--- Prompt ---
Write each entry again exactly as shown, but without the images it holds.

[Record extracts Boundary: Start]

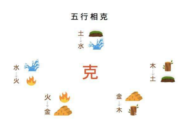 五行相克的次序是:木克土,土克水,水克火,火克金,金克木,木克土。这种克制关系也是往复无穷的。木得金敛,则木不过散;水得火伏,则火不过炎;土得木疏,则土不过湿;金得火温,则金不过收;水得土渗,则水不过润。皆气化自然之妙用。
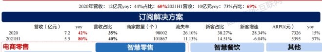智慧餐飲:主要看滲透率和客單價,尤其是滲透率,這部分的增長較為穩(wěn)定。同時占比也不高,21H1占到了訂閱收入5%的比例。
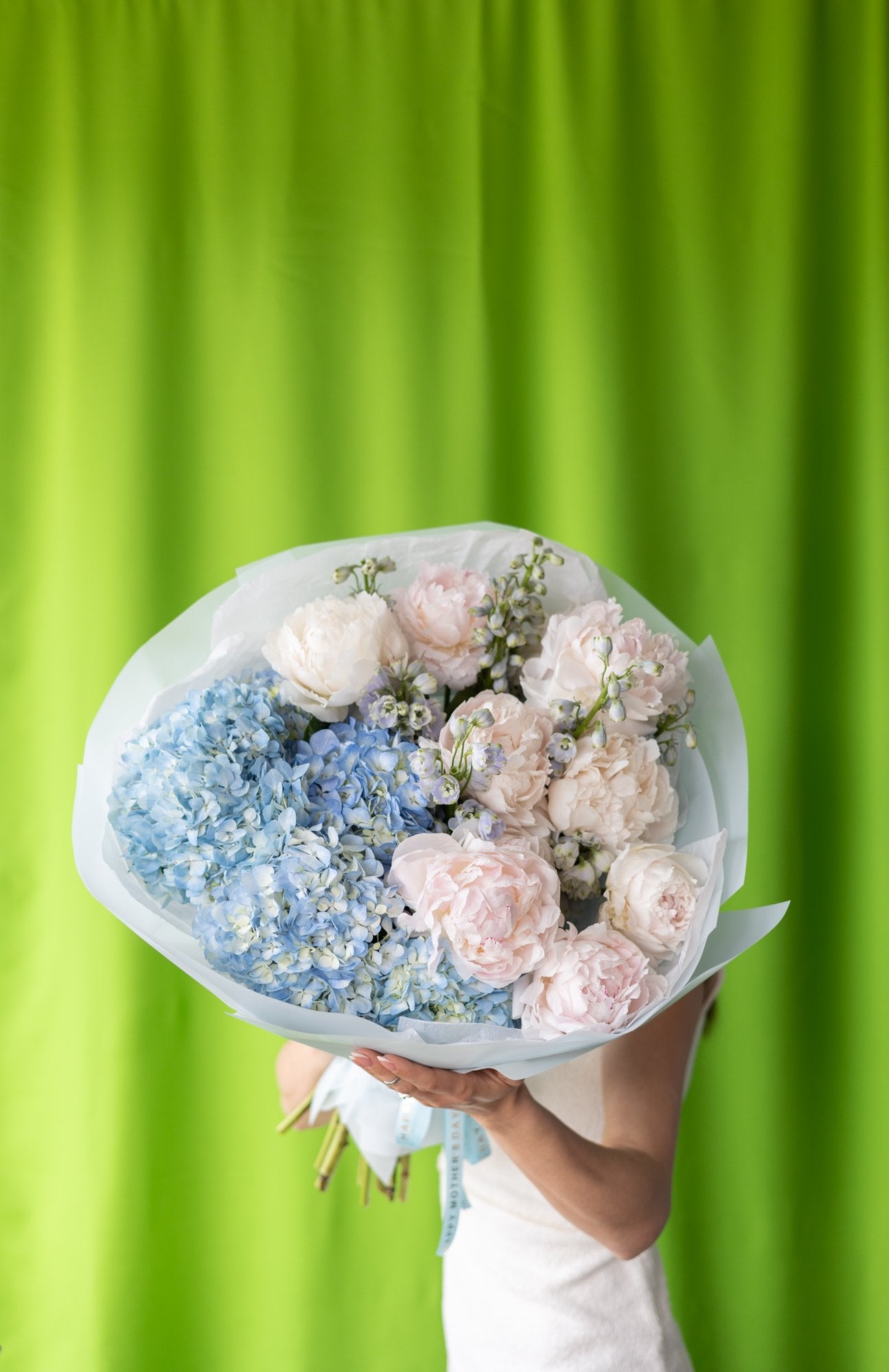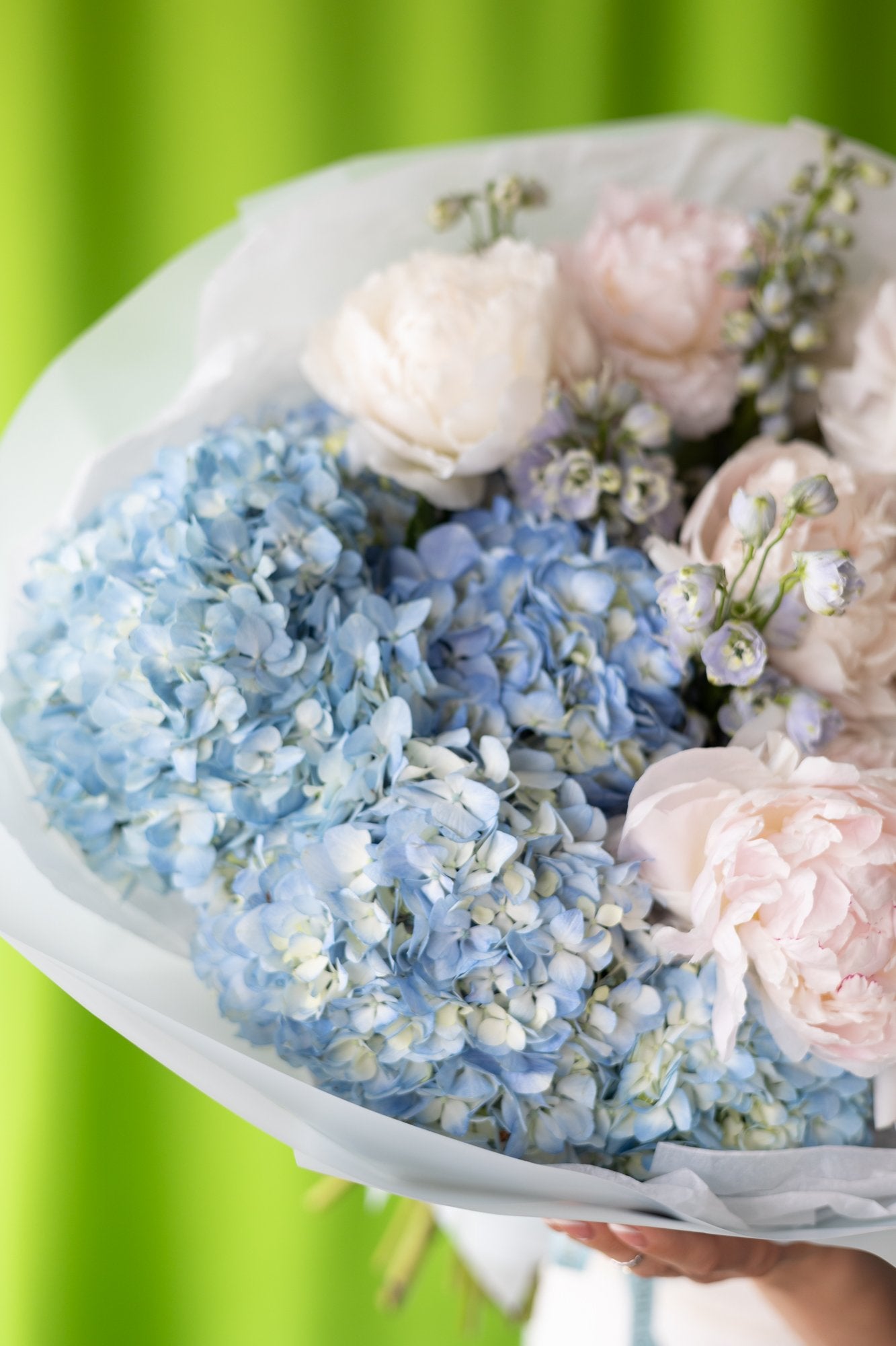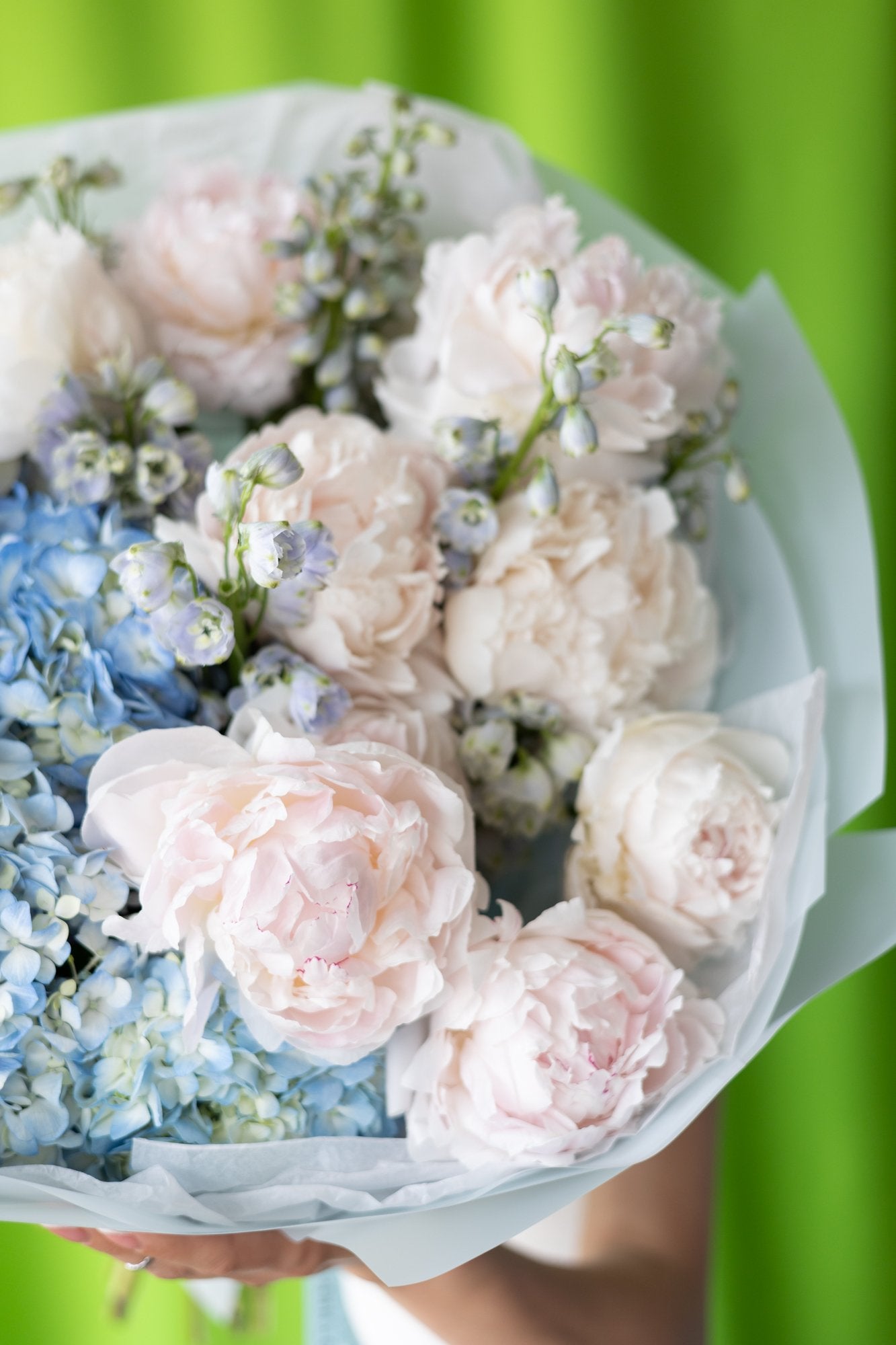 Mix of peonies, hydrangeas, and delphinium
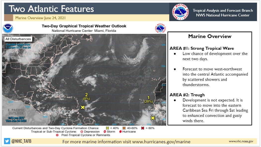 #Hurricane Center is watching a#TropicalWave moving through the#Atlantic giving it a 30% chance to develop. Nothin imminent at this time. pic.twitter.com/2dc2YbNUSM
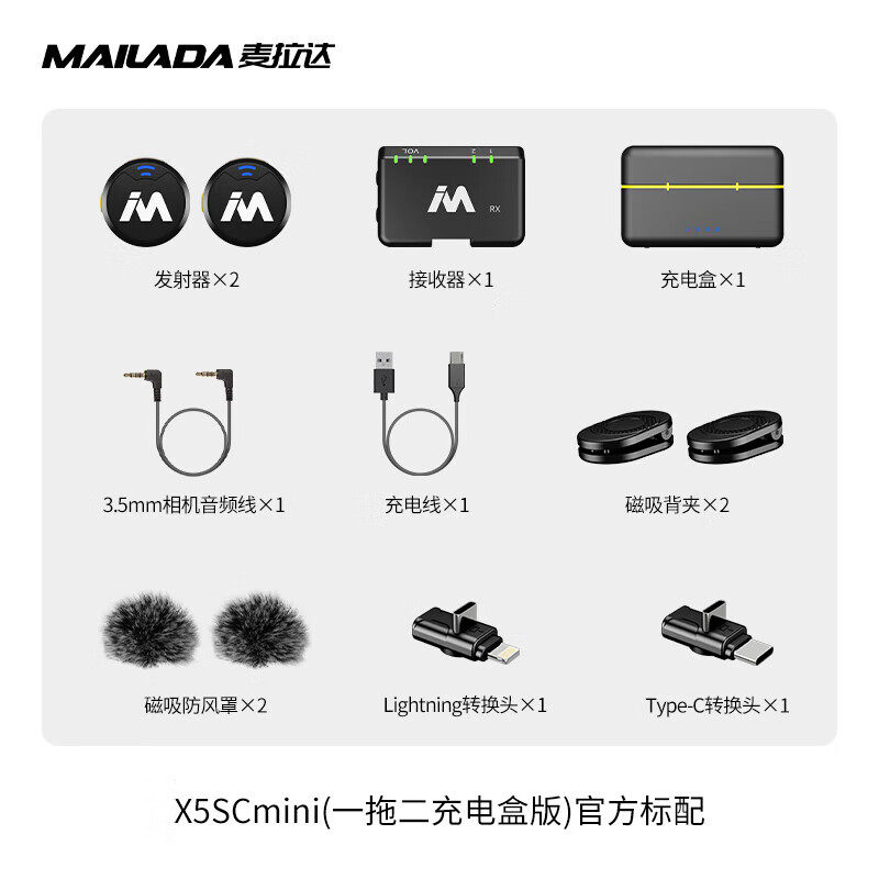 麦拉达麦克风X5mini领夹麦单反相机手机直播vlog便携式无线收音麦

[Record extracts Boundary: End]

--- Final answer ---
 五行相克的次序是:木克土,土克水,水克火,火克金,金克木,木克土。这种克制关系也是往复无穷的。木得金敛,则木不过散;水得火伏,则火不过炎;土得木疏,则土不过湿;金得火温,则金不过收;水得土渗,则水不过润。皆气化自然之妙用。
智慧餐飲:主要看滲透率和客單價,尤其是滲透率,這部分的增長較為穩(wěn)定。同時占比也不高,21H1占到了訂閱收入5%的比例。
 Mix of peonies, hydrangeas, and delphinium
 #Hurricane Center is watching a#TropicalWave moving through the#Atlantic giving it a 30% chance to develop. Nothin imminent at this time. pic.twitter.com/2dc2YbNUSM
 麦拉达麦克风X5mini领夹麦单反相机手机直播vlog便携式无线收音麦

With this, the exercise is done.